What constitutes evidence of a medical condition severe enough to require intervention is the crux of the opposing views of who is at fault in Eppinger’s death. While Parks’ opening statement focused on Eppinger’s mental state, Flint’s focused on his physical condition. “There was no increase in his blood pressure, heart rate or sweating. There is never a vital sign outside the middle range. There is no physical manifestation of withdrawal. All other signs of withdrawal are just things that Eppinger is reporting,” Flint said. That means, he said, that the nurses, and thus Southern Health Partners, did their job, which was to prevent Eppinger from having a seizure or any other life-threatening physical reaction to withdrawal.

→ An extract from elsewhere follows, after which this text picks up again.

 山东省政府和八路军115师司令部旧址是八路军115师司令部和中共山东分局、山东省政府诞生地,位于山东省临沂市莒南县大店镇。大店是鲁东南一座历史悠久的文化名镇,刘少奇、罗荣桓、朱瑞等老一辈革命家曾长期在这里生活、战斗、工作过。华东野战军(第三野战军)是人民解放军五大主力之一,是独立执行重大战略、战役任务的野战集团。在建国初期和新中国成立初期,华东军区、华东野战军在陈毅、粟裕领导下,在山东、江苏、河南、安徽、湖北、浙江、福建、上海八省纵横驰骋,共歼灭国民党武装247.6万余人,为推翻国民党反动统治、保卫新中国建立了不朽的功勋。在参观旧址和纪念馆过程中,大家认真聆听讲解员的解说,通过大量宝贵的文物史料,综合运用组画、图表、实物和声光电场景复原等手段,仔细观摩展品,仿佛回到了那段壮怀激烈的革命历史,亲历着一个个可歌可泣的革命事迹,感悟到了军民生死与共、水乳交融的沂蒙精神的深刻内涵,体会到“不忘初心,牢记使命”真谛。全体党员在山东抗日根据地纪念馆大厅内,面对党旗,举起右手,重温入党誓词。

“The nurses decide who’s at risk from withdrawal,” he said. “The purpose of the treatment is to stop seizures, calm them down and ease them down from withdrawal.
“People going through withdrawal brought it on themselves,” he added, referring to Eppinger’s use of illegal drugs. Flint disputed the notion that the nurses ignored or didn’t pay adequate attention to Eppinger’s symptoms of withdrawal and psychotic behavior. One of the nurses noted in her log entry that Eppinger reported seeing “squiggly lines,” Flint said. However, he added, “She determined that this information was not significant compared to the fact that his vital signs were normal, and he was alert and oriented.”

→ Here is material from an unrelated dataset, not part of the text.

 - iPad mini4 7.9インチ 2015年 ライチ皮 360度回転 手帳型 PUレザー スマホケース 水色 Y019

What’s more, he said, the nurses never learned of some of Eppinger’s more severe delusions. For instance, the guards never told her that Eppinger thought Jesus Christ was trying to kill him, Flint said.
‘System Didn’t Work,’ Doctor Says
Both sides called on medical witnesses. On Wednesday, the plaintiffs called Dr. Robert B. Greifinger, the court-appointed monitor of medical conditions at the DeKalb County jail and the former chief medical officer for the New York State Department of Correctional Services.

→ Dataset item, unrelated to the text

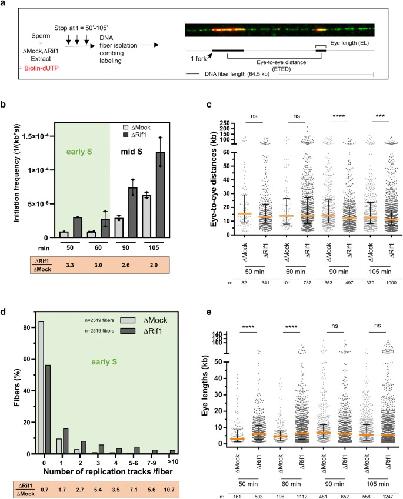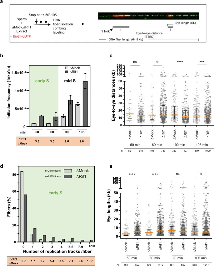 a Principle of DNA combing experiment with a fiber example and measured parameters. Sperm is replicated in control (∆Mock) or Rif1 immunodepleted (∆Rif1) egg extract in the presence of biotin dUTP, DNA was isolated at the indicated times, and then DNA combing was performed in two independent experiments. b Mean initiation frequencies (I(t)) with standard error of mean with SEM, n = 2 (data points) and ratio ∆Rif1/∆Mock (I(t)) were calculated. c Scatter dot plot of eye-to-eye distances (ETED) at different time points from replicate 1, median with interquartile range, Mann–Whitney test. d Percentage of unreplicated fibers and fibers with increasing number of replication tracks per fiber from early S phase from both independent experiments, with an equivalent fiber length distribution in mock and Rif1 depleted condition; percentage ratios indicated below each class. (n = 2519 fibers for each distribution, Mann–Whitney test on distribution, p value 4 × 10−41). e Scatter dot plot of eye lengths (EL), replicate 1, median with interquartile range, Mann–Whitney test; n indicated below, ns: non-significant, * indicates significant difference (Mann–Whitney U test, two-sided, p < 0.05: p values: * 0.01–0.05; ** 0.001–0.01; *** 0.0001–0.001; **** <0.0001).

In this case, “The system didn’t work,” Greifinger said. He said Eppinger should have been seen on and hospitalized by the second day of his incarceration, when he started hallucinating. The defense plans to counter with its own medical witness, Dr. Jeffrey Smith, the medical examiner for the Georgia Bureau of Investigation. “He did the autopsy and concluded that Eppinger died as the result of strangulation-that it was a homicide,” Flint told the jury, adding “You’ll see the incident on tape.”